Sara Lindén

Personal information
- Full name: Sara Viktoria Lindén
- Date of birth: 1 September 1983 (age 42)
- Place of birth: Borås, Sweden
- Height: 1.63 m (5 ft 4 in)
- Positions: Midfielder; striker;

Senior career*
- Years: Team / Apps / (Gls)
- Dalsjöfors GoIF
- 2005–2016: Göteborg FC / 133 / (77)
- 2016–2022: Bergdalens IK

International career
- 2008–2010: Sweden / 15 / (3)

= Sara Lindén =

Swedish footballer

Sara Viktoria Lindén (born 1 September 1983) is a Swedish former footballer who played for Dalsjöfors GoIF, Göteborg FC, Bergdalens IK, and the Swedish national team.

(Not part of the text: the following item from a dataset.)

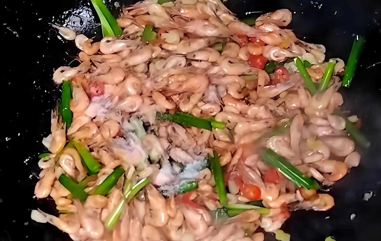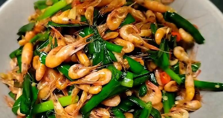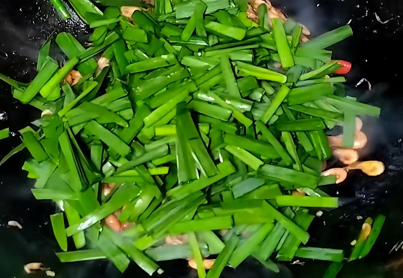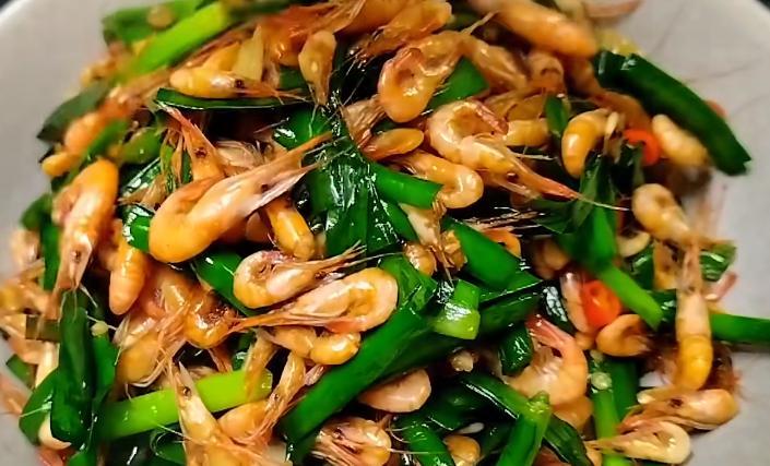5、 熱鍋熱油,放入一勺豬油融化開。將河蝦倒入鍋中爆香。接下來放入姜、蒜、辣椒,繼續炒香。翻炒一分鐘後,加入韭菜杆。放入適量的食鹽,一點點醬油上色,然後開大火翻炒均勻。最後放入韭菜葉快速翻炒。韭菜很容易熟,大概翻炒七八下就可以出鍋了。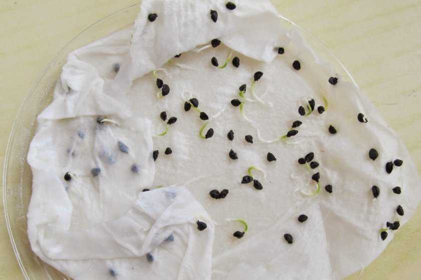 После проведения указанных обработок семена засыпают в тканевый мешочек или заворачивают в ткань и помещают в блюдце с водичкой комнатной температуры на сутки. Воду меняют каждые 6–8 часов. Затем набухшие семена размещают между мокрыми тряпочками и ставят в теплое место на 2-3 дня. Ткань не должна пересыхать, поэтому её по мере усыхания увлажняют. Семена, которые проросли, можно садить.

Outside of football, she has been employed by ICA Banken in her hometown of Borås.

== Club career ==

=== Göteborg FC ===
Between 2005 and 2016, Lindén played for Göteborg FC (now operating as BK Häcken FF) in the Damallsvenskan. During her time at the club, Lindén suffered an anterior cruciate ligament injury.

=== Bergdalens IK ===
For six seasons Lindén played for Bergdalens IK in Elitettan, the second tier of women's football in Sweden.

In December 2022, Bergdalen announced that they would withdraw from Eliettan for the upcoming 2023 season. Lindén played in the team's final match in the league, a 2–3 loss against Uppsala.

== International career ==
In September 2008, Lindén was called up to the senior Swedish national team for a pair of Euro 2009 qualifying matches. She replaced Göteborg teammate Johanna Almgren who was injured. Her first cap came in a 2–0 win over Romania.

Lindén was in the squad for the UEFA Women's Euro 2009 tournament. Sweden topped their group and made it to the quarter-final stage, where they lost to Norway.